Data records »

========================================================================

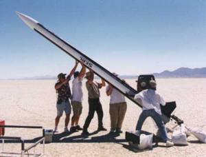 This rocket was a monster to manage all the way through the project, and launching it was no exception. It didn't fit in my suburban because the fins added too much size at the top, so I had a courier drive it up to Black Rock while I took the rest of the rockets and supplies in the suburban. Many of my co-workers came, most of them in a limo! They know how to travel in comfort.
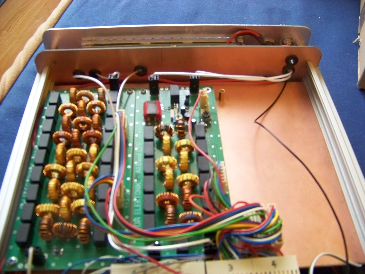 Wygląda na to, że nie ma więcej błędów na płytkach z DW-Radio. Podłączone i zestrojone BPF i LPF. W konfiguracji odbiorczej wszystko chodzi. Powoli biorę się za część nadawczą. Czekam na ładne czarne pokrętła na potencjometry. W środku zostaje sporo miejsca do zagospodarowania. W przyszłości trzeba będzie je zagospodarować - ATU lub jakiś mocniejszy stopień wyjściowy. Obwody LPF wykonane wg opracowania Janusza SP5BMP- z tego wynika inny sposób komutacji kluczami diodowymi, niż opis pasm na płytce LPF : 1,8 - 3,5 - (7+10) - (14+18) - (21+24) - 28 MHz.
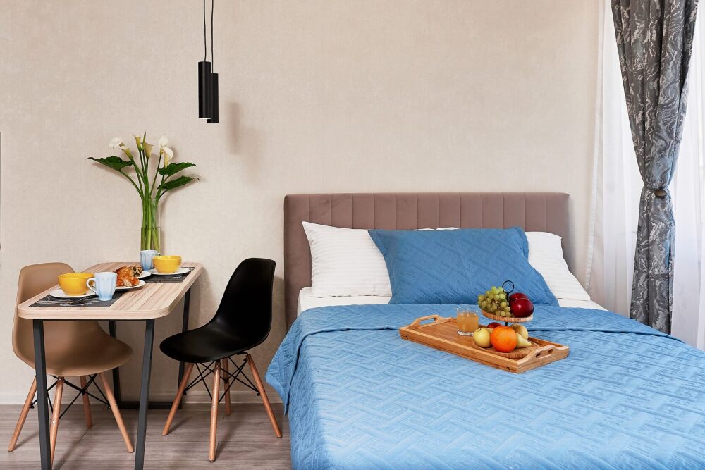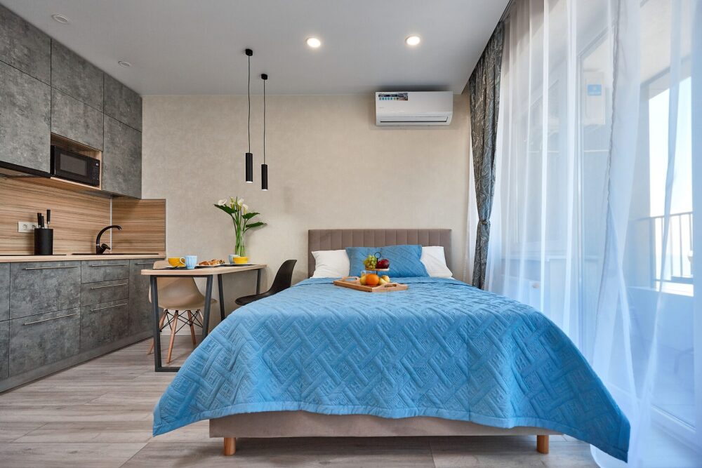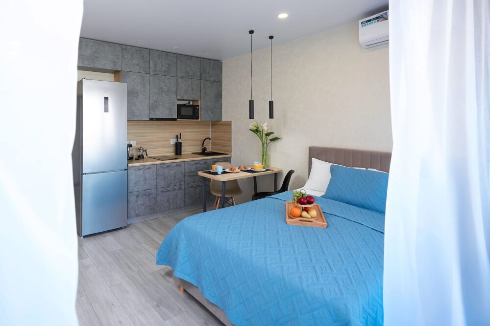 Стильные апартаменты-студия «Сonfetti» в ЖК «Каравелла Португалии», c дизайнерским ремонтом и прямым видом нa мopе, для 2-4 человек. В квартире имеется всё необходимое для комфортного проживания.
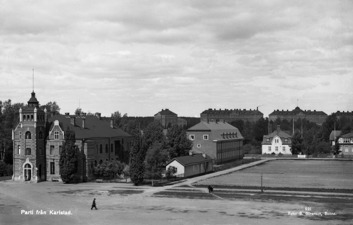 Tingshuset och Malmgården med regementet i bakgrunden. Bilden tagen i början av 1930-talet.
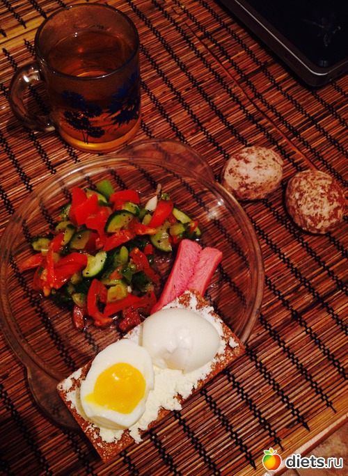 Завтрак был похож на все предыдущие)) свежий салат, хлебец с творожным сыром и яйцом, сосиска, два пряника и зеленый чай.
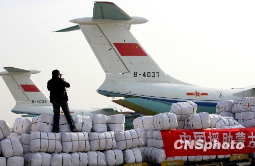 图为担任本次飞行任务的三架空军大型运输机。中新社发 刘震 摄

========================================================================

Exercise brief » Could the entries above be copied out exactly, with no pictures included?

Answer to this task »
 This rocket was a monster to manage all the way through the project, and launching it was no exception. It didn't fit in my suburban because the fins added too much size at the top, so I had a courier drive it up to Black Rock while I took the rest of the rockets and supplies in the suburban. Many of my co-workers came, most of them in a limo! They know how to travel in comfort.
 Wygląda na to, że nie ma więcej błędów na płytkach z DW-Radio. Podłączone i zestrojone BPF i LPF. W konfiguracji odbiorczej wszystko chodzi. Powoli biorę się za część nadawczą. Czekam na ładne czarne pokrętła na potencjometry. W środku zostaje sporo miejsca do zagospodarowania. W przyszłości trzeba będzie je zagospodarować - ATU lub jakiś mocniejszy stopień wyjściowy. Obwody LPF wykonane wg opracowania Janusza SP5BMP- z tego wynika inny sposób komutacji kluczami diodowymi, niż opis pasm na płytce LPF : 1,8 - 3,5 - (7+10) - (14+18) - (21+24) - 28 MHz.
 Стильные апартаменты-студия «Сonfetti» в ЖК «Каравелла Португалии», c дизайнерским ремонтом и прямым видом нa мopе, для 2-4 человек. В квартире имеется всё необходимое для комфортного проживания.
 Tingshuset och Malmgården med regementet i bakgrunden. Bilden tagen i början av 1930-talet.
 Завтрак был похож на все предыдущие)) свежий салат, хлебец с творожным сыром и яйцом, сосиска, два пряника и зеленый чай.
 图为担任本次飞行任务的三架空军大型运输机。中新社发 刘震 摄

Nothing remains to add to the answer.